DISCUSSION...Trends in mosaic radar imagery and lightning data
indicated a couple broken bands of storms have developed from
western IL into southeast MO, with new storm formation underway
across north-central AR.  The western most band of storms was
located along a cold front, while the leading band formed in
vicinity of a differential heating boundary.  Nonetheless, this
activity has developed within a destabilizing/moist boundary-layer
and in an axis of moderate instability.  Additional height falls
attendant to the exit region of a 50+ kt 500-mb jet impinging on
the discussion area this afternoon and evening will further support
sustained thunderstorm development.  The moderate instability and
effective bulk shear of 35-45 kt will aid in storm organization
with damaging winds and hail being the primary severe threats,
as storms spread from west to east.
..Peters/Dial.. 06/21/2018
...Please see www.spc.noaa.gov for graphic product...

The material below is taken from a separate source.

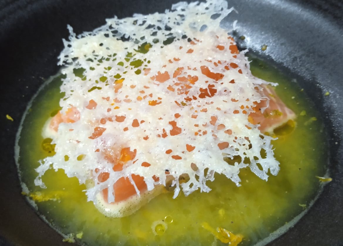 ¨* Salmón marinado con crujiente sobre vodka y naranja.
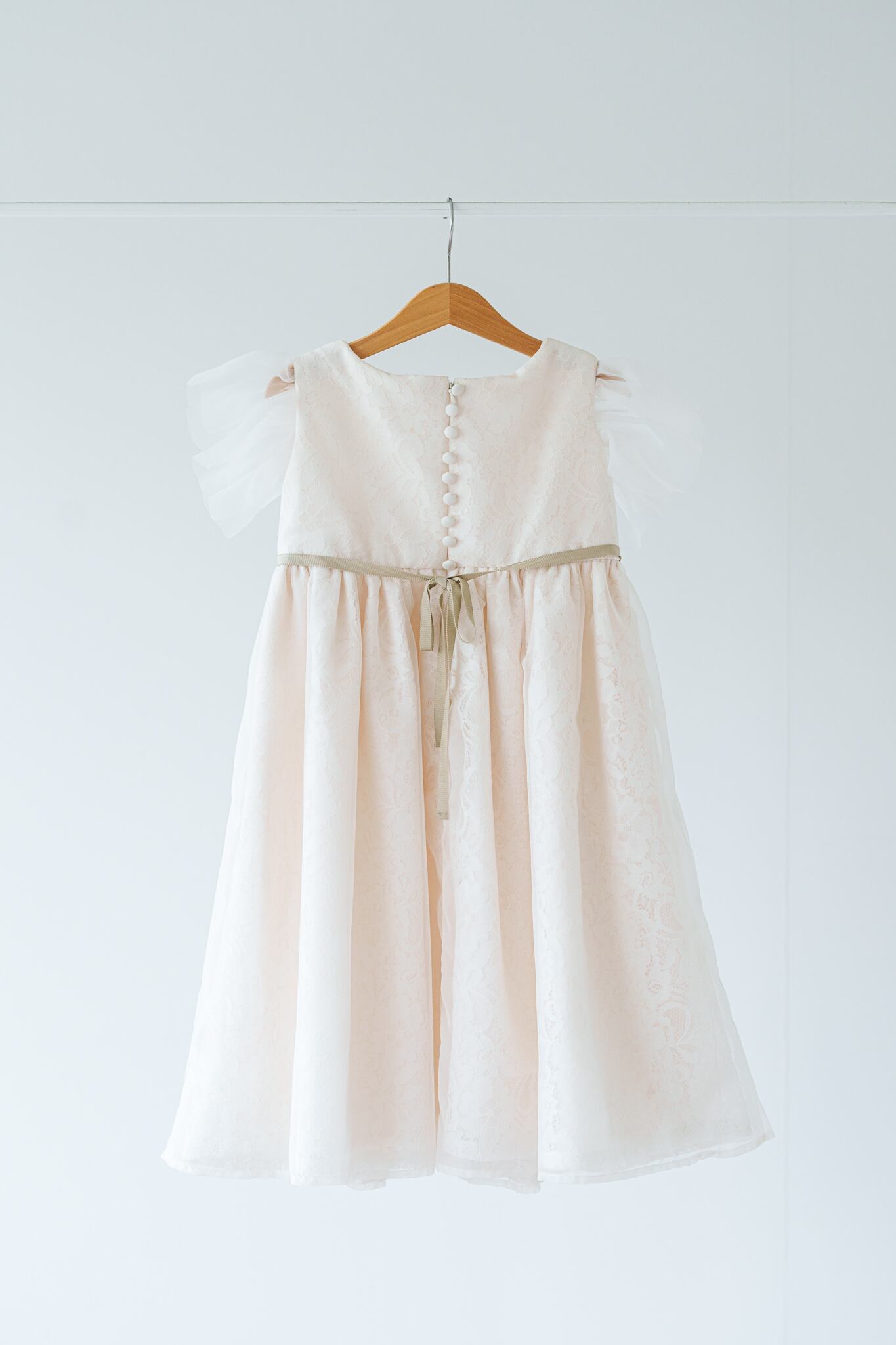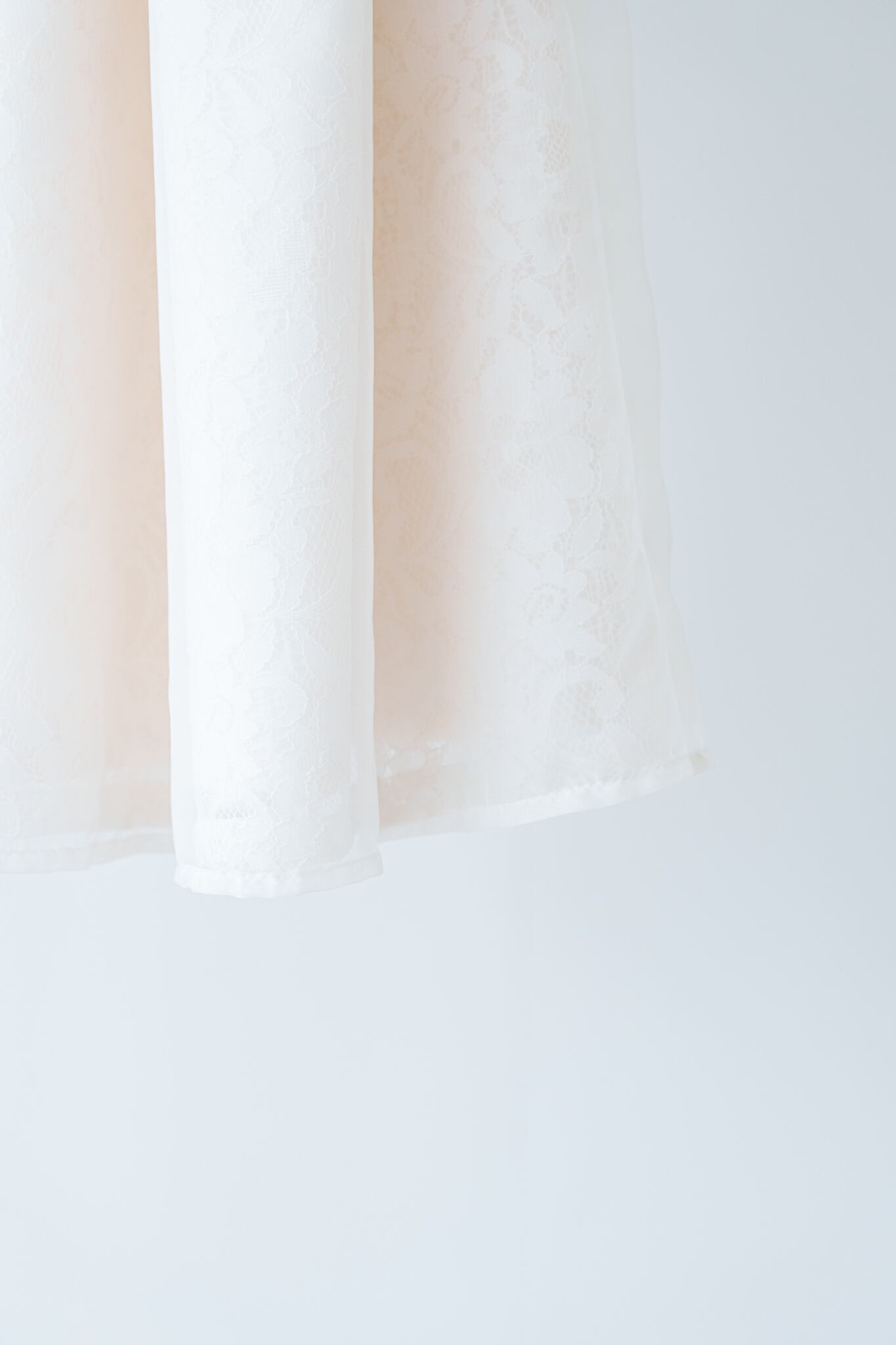 ほんのりピンクがかった土台生地・レースにオーガンジーが重なり上品な透明感があります。

ATTN...WFO...OHX...HUN...PAH...MEG...LZK...
LAT...LON   38038928 38008813 36388757 34888817 34158910 34219026
34819112 35669092 37179012 38038928
 SPC 1630Z Day 1 Outlook
Day 1 Convective Outlook NWS Storm Prediction Center Norman OK 1131
AM CDT Thu Jun 21 2018
Valid 211630Z - 221200Z
...THERE IS A SLIGHT RISK OF SEVERE THUNDERSTORMS OVER A PORTION OF
THE LOWER MISSISSIPPI VALLEY AND WESTERN TENNESSEE VALLEY REGIONS...
...SUMMARY...  Severe thunderstorms with isolated damaging wind
will be possible today over a part of the lower Mississippi Valley
and western Tennessee Valley. Storms capable of isolated severe
gusts and hail are possible across parts of the High Plains and
north-central Rockies later this afternoon into the early evening.
Storms producing a few locally strong to damaging gusts are
also possible over the lower Ohio Valley as well as the North
Carolina/Virginia vicinity.
...MO/AR into KY/TN/MS...
Late morning surface analysis indicates an occluded front extending
east from a surface low over southwest IA. This boundary then
transitions to a cold front that stretches across western IL into
south central MO and northwest AR. Partial clearing is occurring
from AR into western TN and southeast MO in wake of morning showers.
Mid-level lapse rates are weak, but diabatic warming of the very
moist boundary layer should boost MLCAPE to 1500-2000 J/kg. Storms
should initiate along the cold front from northeast AR into
southeast MO this afternoon and gradually increase in intensity as
they move through the destabilizing warm sector. A 50 kt mid-level
jet max on the southern periphery of the upper low circulation is
moving southeast and will overtake the frontal zone this afternoon,
resulting in up to 45 kt effective bulk shear supportive of a few
rotating updrafts. Some storms may also evolve into broken line
segments with damaging wind expected to be the main threat. Despite
weak mid-level lapse rates, a few instances of hail are also
possible, especially given possibility of left splits and potential
contribution of pressure perturbations to updraft strength. Though
a brief tornado cannot be ruled out, low-level hodographs are
relatively small which should temper overall tornado threat.
...Northern Rockies and High Plains...
A pronounced shortwave trough is moving across ID late this morning,
and will continue through the northern Rockies this afternoon.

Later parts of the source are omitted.